To analyze the influence of TM6SF2 on αSMA expression under TGFβ1 stimulation, changes in αSMA expression in LX-2 cells were compared after TGFβ1 treatment. LX-2 cells were transfected with p3FLAG/TM6SF2-WT plasmid. Twenty-four hours after transfection, the cells were treated with 10 ng/ml of TGFβ1 for 48 h, and intracellular αSMA induction was analyzed by quantitative PCR. αSMA mRNA levels in TM6SF2-overexpressed LX-2 cells were significantly suppressed and failed to increase to control levels following TGFβ1 stimulation (Fig. 2A). A similar tendency was also observed in the siRNA experiment. The αSMA expression level in TGFβ1-stimulated LX-2 cells were similar in TM6SF2-knock down LX-2 cells, and the expression of αSMA was enhanced under TGFβ1 stimulation (Fig. 2B). These results suggested that HSCs could be additionally activated via TGFβ1 stimulation under lower expression of TM6SF2.

To analyze the impact of the substitution at TM6SF2 amino acid 167, αSMA expression was compared between LX-2 cells transfected with p3FLAG/TM6SF2-WT plasmid and with p3FLAG/TM6SF2-MT plasmid. αSMA mRNA expression in cells transfected with p3FLAG/TM6SF2-WT plasmid was lower than that with p3FLAG/TM6SF2-MT plasmid (Fig. 3A; P<0.05). Similarly, αSMA protein expression was >50% suppressed following transfection with p3FLAG/TM6SF2-WT plasmid compared to transfection with p3FLAG/TM6SF2-MT plasmid (Fig. 3B; P<0.05).
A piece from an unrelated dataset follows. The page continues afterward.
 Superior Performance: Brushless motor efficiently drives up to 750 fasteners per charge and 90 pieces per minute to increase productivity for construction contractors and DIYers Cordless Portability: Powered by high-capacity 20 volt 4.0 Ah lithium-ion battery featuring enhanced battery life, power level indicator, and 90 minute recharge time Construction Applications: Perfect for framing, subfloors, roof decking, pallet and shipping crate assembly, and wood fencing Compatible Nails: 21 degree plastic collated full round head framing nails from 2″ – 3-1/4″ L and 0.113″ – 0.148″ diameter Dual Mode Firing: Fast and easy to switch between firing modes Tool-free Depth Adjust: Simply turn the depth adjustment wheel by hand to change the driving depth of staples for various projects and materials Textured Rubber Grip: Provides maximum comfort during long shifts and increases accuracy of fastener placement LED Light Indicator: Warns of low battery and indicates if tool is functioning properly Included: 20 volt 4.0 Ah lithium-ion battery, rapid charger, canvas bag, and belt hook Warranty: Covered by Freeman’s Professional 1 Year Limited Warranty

LX-2 cells that had been transfected with or without TM6SF2 expression plasmid were stimulated by TGFβ1, and intracellular αSMA induction was analyzed by quantitative PCR. Although αSMA mRNA levels were suppressed by TM6SF2 expression, αSMA expression level in TM6SF2 E167K isoform (p3FLAG/TM6SF2-MT)-overexpressed LX-2 cells recovered and reached levels similar to those of control or mock cells after TGFβ1 stimulation (Fig. 3C). Cell transfection and TGFβ1 stimulation independently affected αSMA expression in LX-2 cells (two-way ANOVA; P<0.05), and, in particular, overexpression of p3FLAG/TM6SF2-WT plasmid significantly affected αSMA expression (Tukey's post-hoc multiple comparison test; P<0.05). A similar tendency was also observed in intracellular COL1A1 expression estimated by real-time PCR (Fig. S4). These results suggest that basal αSMA expression in HSCs with TM6SF2 wild-type might be low but might be upregulated by TGFβ1 to a much higher level than HSCs with the TM6SF2 E167K isoform.